Pergeseran arah politik

Secara konseptual, keberhasilan suatu negara bergantung pada kinerja partai-partai politik di dalamnya.

Keberlanjutan dan kesuksesan partai-partai ini secara umum bergantung pada kesetiaan luar biasa dari individu-individu atau kader-kadernya (Muirhead, 2013).

Namun, bekerja di arena politik agaknya penuh ketidakpastian. Insentif dan kompensasi dalam politik seringkali tak berstandar dan tanpa gaji tetap.

Karenanya ketahanan mental dan kesetiaan adalah aset penting untuk meraih kesuksesan dalam politik.

Di Indonesia, sebaliknya, pergeseran arah dan pilihan politik menjadi semakin umum, tak hanya di kalangan politisi, tapi juga pada level partai.
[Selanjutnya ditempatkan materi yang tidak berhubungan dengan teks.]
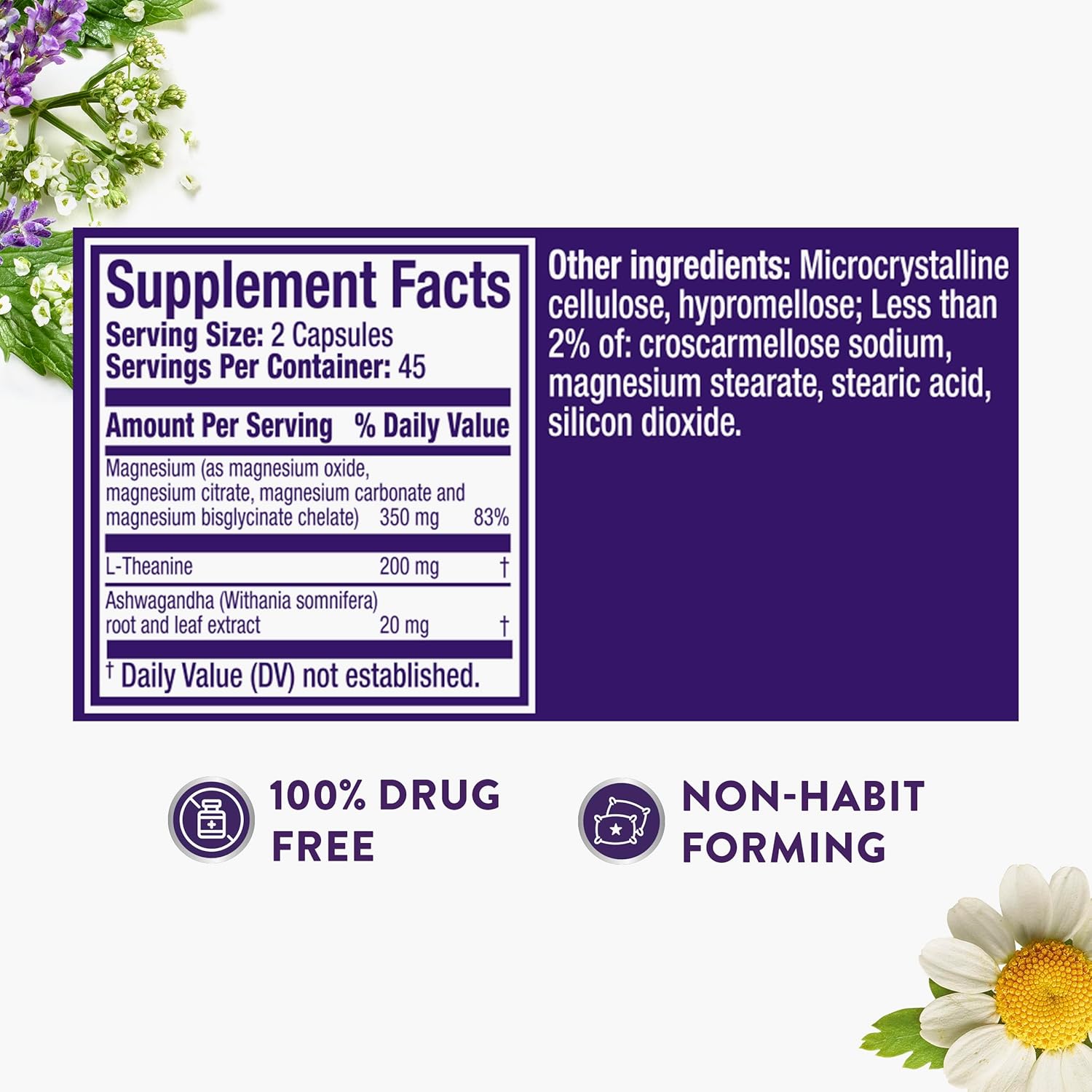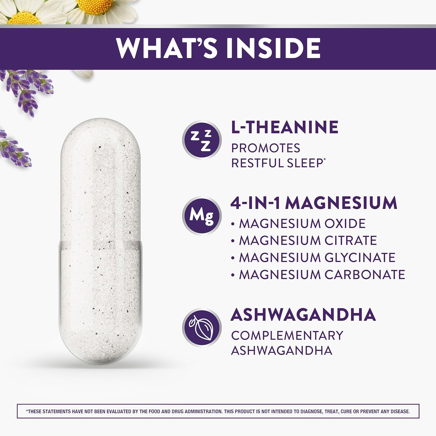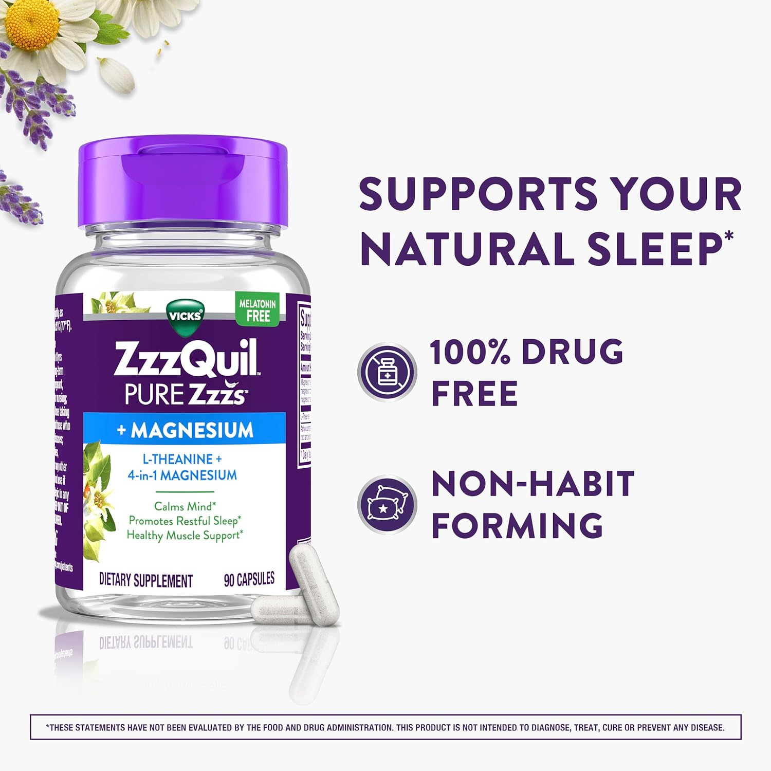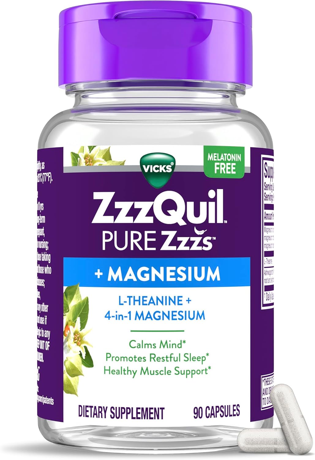 ZzzQuil PURE Zzzs +Magnesium Capsules with L-Theanine are designed to promote restful sleep and calm mind*. This dietary supplement sleep aid is formulated with L-Theanine and 4-in-1 Magnesium, including Magnesium Citrate, Magnesium Bisglycinate, Magnesium Oxide, and Magnesium Carbonate. If you have been struggling with occasional sleeplessness, you may be considering adding a sleep aid to your nighttime routine. ZzzQuil PURE Zzzs +Magnesium Capsules are made with L-Theanine, Magnesium, complementary Ashwagandha, and are a great choice to add to your nighttime routine. L-Theanine is clinically shown to promote calming brain waves, improve mood, and promote sleep wellness*. Made with 4 bioavailable forms of Magnesium, which support healthy muscle function.* *These statements have not been evaluated by the Food and Drug Administration. This product is not intended to diagnose, treat, cure, or prevent any disease. β Source Euromonitor International Limited; Consumer Health 2024 Edition; Sleep Aids, all channels, retail selling price, Global Brand Name ZzzQuil 2023 data

Fenomena ini makin kentara menjelang pemilu 2024 lalu, setidaknya pada dua level: institusi dan individu.

Di level institusi, berbagai koalisi politik pecah, khususnya ketika berbagai partai mengubah preferensi politik mereka.

Awalnya sejalan, Golkar dan PPP akhirnya berpisah. Begitu juga Gerindra dan PKB; dulunya hampir tak terpisahkan, sekarang berada di koalisi berbeda.

PSI, awalnya sejalan dengan Ganjar Pranowo, beralih mendukung Prabowo.

Pada tingkat individu, dinamikanya tak kalah intens. Anies Baswedan, yang dulunya sejalan dengan Partai Gerindra, kini erat terkait dengan Partai Nasdem.

Kader yang terkenal loyal dari PDIP seperti Budiman Sudjatmiko dan Maruarar Sirait akhirnya meninggalkan partainya.

Tokoh politik senior Golkar, Jusuf Kalla memilih mendukung Anies, meskipun partainya memberikan dukungan penuh kepada Prabowo.

Paling mencolok, Presiden Joko Widodo, yang dikabarkan mendukung Ganjar pada awalnya, beralih mendukung Prabowo pada akhirnya.

Jika kesetiaan politik adalah kunci untuk mencapai keberhasilan pembangunan negara, inkonsistensi dari berbagai entitas politik di atas tampak sangat tidak bijaksana.

Mereka secara terang-terangan melanggar perjanjian dan komitmen politik yang mereka setujui sebelumnya.

Namun, di era canggih saat ini, individu dan lembaga politik tampaknya lebih memilih fleksibilitas. Akses luas terhadap pengetahuan dan informasi telah menyebabkan evolusi atau setidaknya redefinisi kesetiaan politik.

Artinya, aspirasi atau misi untuk membangun negara kini seolah tak dapat dibatasi atau didominasi oleh satu atau dua partai politik tertentu.

Lebih lanjut, karena berbagai hasil riset dan opsi kebijakan kini mudah diakses dan dipelajari, entitas-entitas politik mungkin melihat bahwa mengubah preferensi politik lebih masuk akal ketimbang bertahan pada satu pilihan. Apalagi, jika satu pilihan itu dianggap korup atau tak efektif.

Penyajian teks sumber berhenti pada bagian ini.